How Steve McQueen Pushed Norman Jewison to the Brink on ‘The Thomas Crown Affair’
Looking back on his work with Steve McQueen in The Cincinnati Kid (1965) and The Thomas Crown Affair (1968), director Norman Jewison didn’t call McQueen the most problematic actor he’d ever known. But Jewison had plenty of troubles with McQueen while shooting those classic movies.
It was more than McQueen nickel-and-diming him on both sets. During the filming of Thomas Crown, McQueen pulled a number of power-moves that genuinely distressed the typically unflappable Jewison. Late in the shoot, the director actually considered walking off the picture.
Steve McQueen purposely ruined 2 key days of shooting on Norman Jewison’s ‘The Thomas Crown Affair’
In Norman Jewison: A Director’s Life (2021), author Ira Wells breaks down the various ways McQueen tested Jewison during Thomas Crown. If the star wasn’t hitting up Jewison for gas money — or invoicing Jewison’s production company for filming his watch — McQueen was calling the director in the middle of the night.
Before he had 24-hour guards at his rented home, McQueen would call Jewison about security. After Boston police officers and private detectives began watching his house nonstop, McQueen began to call about script issues.
In the end, it was about power. McQueen always wanted the upper hand, and he’d do whatever it took to get it. One night on Thomas Crown, after Jewison and cinematographer Haskell Wexler spent an afternoon setting up a beach shot for the “golden hour” light, McQueen drove off at the moment it arrived. He didn’t return until dark.
In her 1995 memoir Looking for Gatsby, Faye Dunaway described that move as the ultimate provocation. Yet Jewison managed to defuse the situation.
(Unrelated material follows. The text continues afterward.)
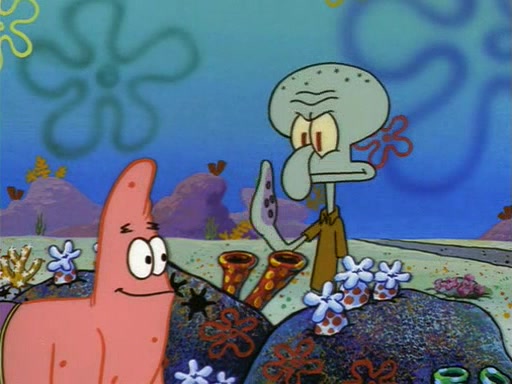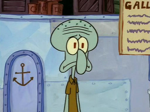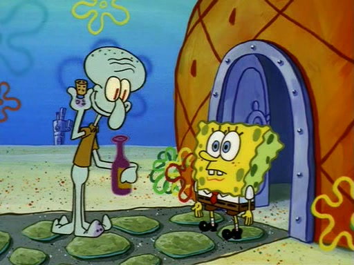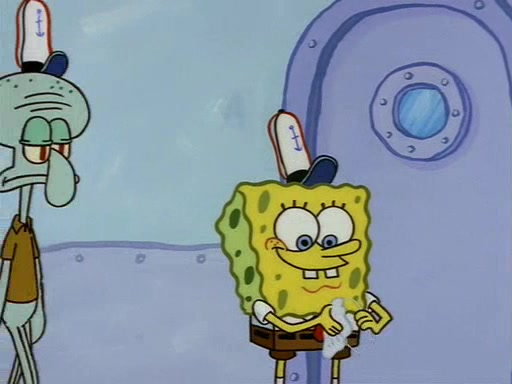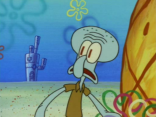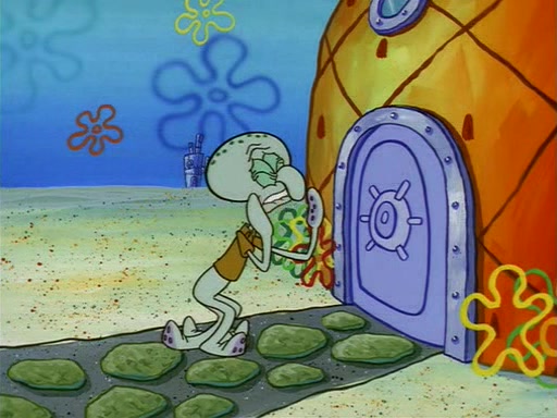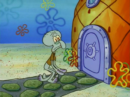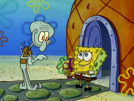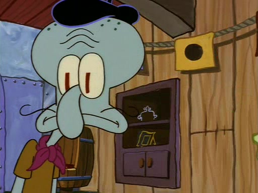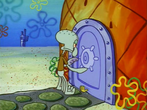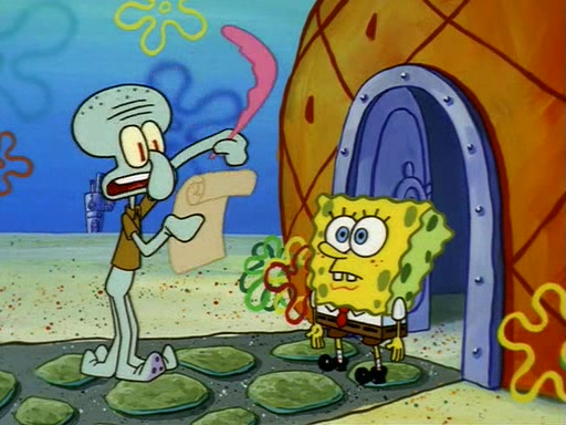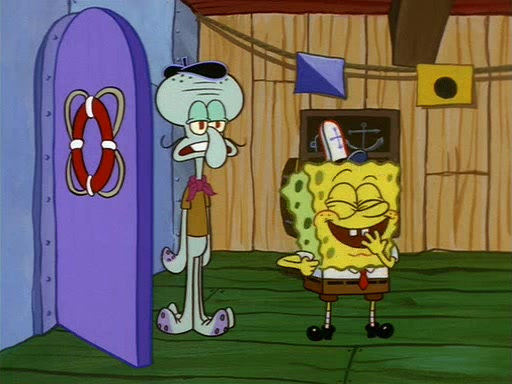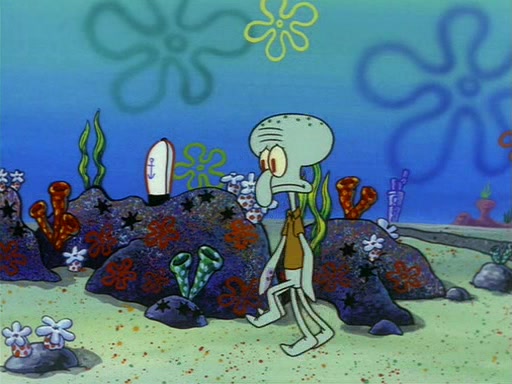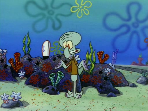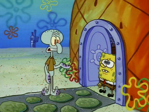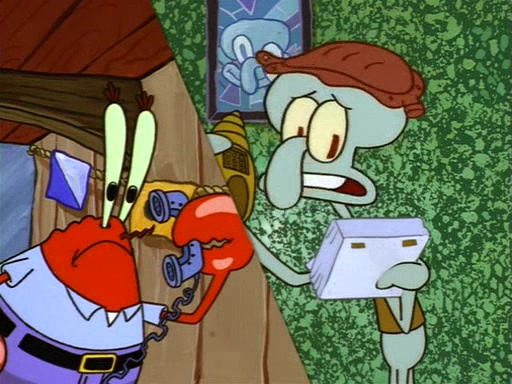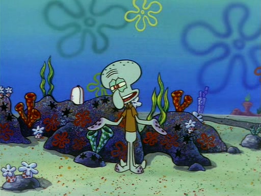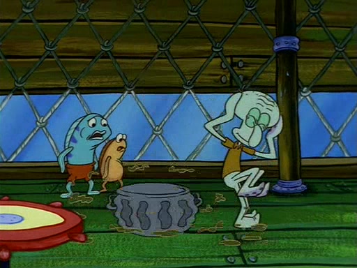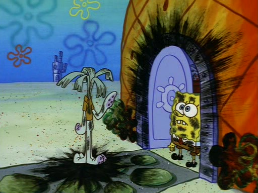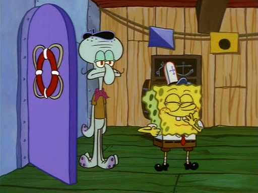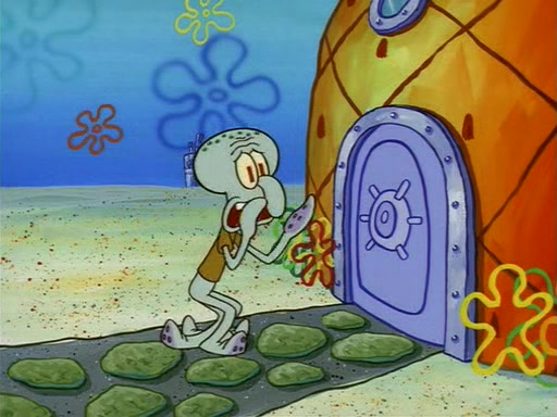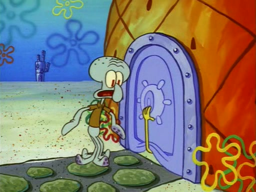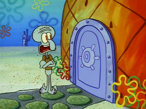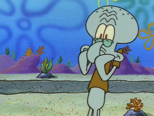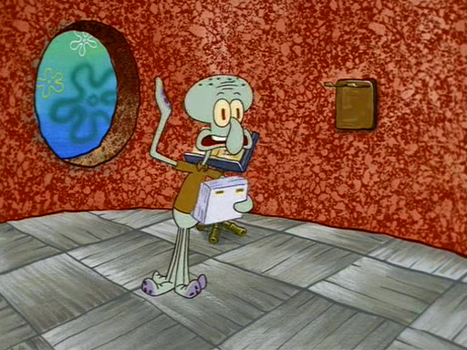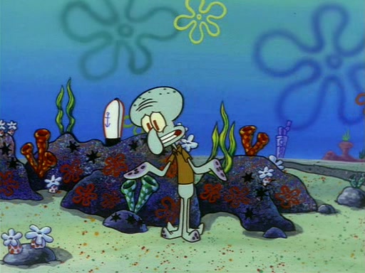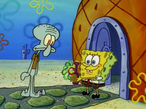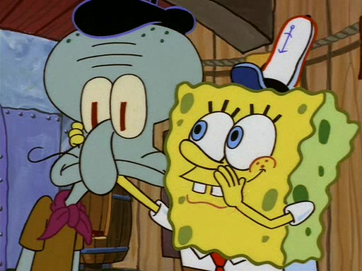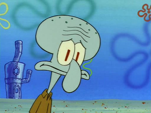 Squidward goes to SpongeBob's house and sees SpongeBob's hat behind a rock. Assuming it's SpongeBob, he goes over to apologize, but then sees that it's just Patrick wearing the hat and digging. Squidward asks where SpongeBob is and Patrick tells Squidward that SpongeBob is in the house "impressed" (instead of depressed) and was crying a lot. Squidward feels even worse and attempts to apologize when SpongeBob answers the door, but since apologizing to others isn't something he normally does, he initially finds himself to be physically incapable of simply saying "I'm sorry" to him.

Later, as the shoot neared its end and McQueen again walked off during filming, Jewison reportedly broke down in tears. According to McQueen’s biographer (via Wells), Jewison told an assistant director he was considering quitting the picture.
Jewison tried everything but hostility when dealing with McQueen
Jewison understood McQueen’s insecurities, and he knew he couldn’t strike back at his star, no matter how obnoxious his behavior became. But it took remarkable levels of patience for Jewison to pull it off.
McQueen knew Jewison needed him in the picture and exploited that angle. If Jewison unloaded on McQueen and the star walked, Jewison would pay the price, career-wise (i.e., by blowing the shoot). So McQueen knew he had him by the neck. As for McQueen’s childish stunt on the beach, if that didn’t break Jewison then nothing could have.
Dunaway told the story of Jewison’s reaction to that provocation. “If Norman was the kind of director given to screaming, this would have been the moment for it,” she wrote in Looking for Gatsby. “He took off down the beach for a walk by himself.” Dunaway said he disappeared for more than 30 minutes, then returned carrying a feather.
“Norman devised this absolutely crazy story that the feather had special powers and whoever had the feather would be the director that day,” Dunaway recalled. Then Jewison gave the feather to McQueen, who broke out laughing and stuck it back in Jewison’s cap. Problem solved.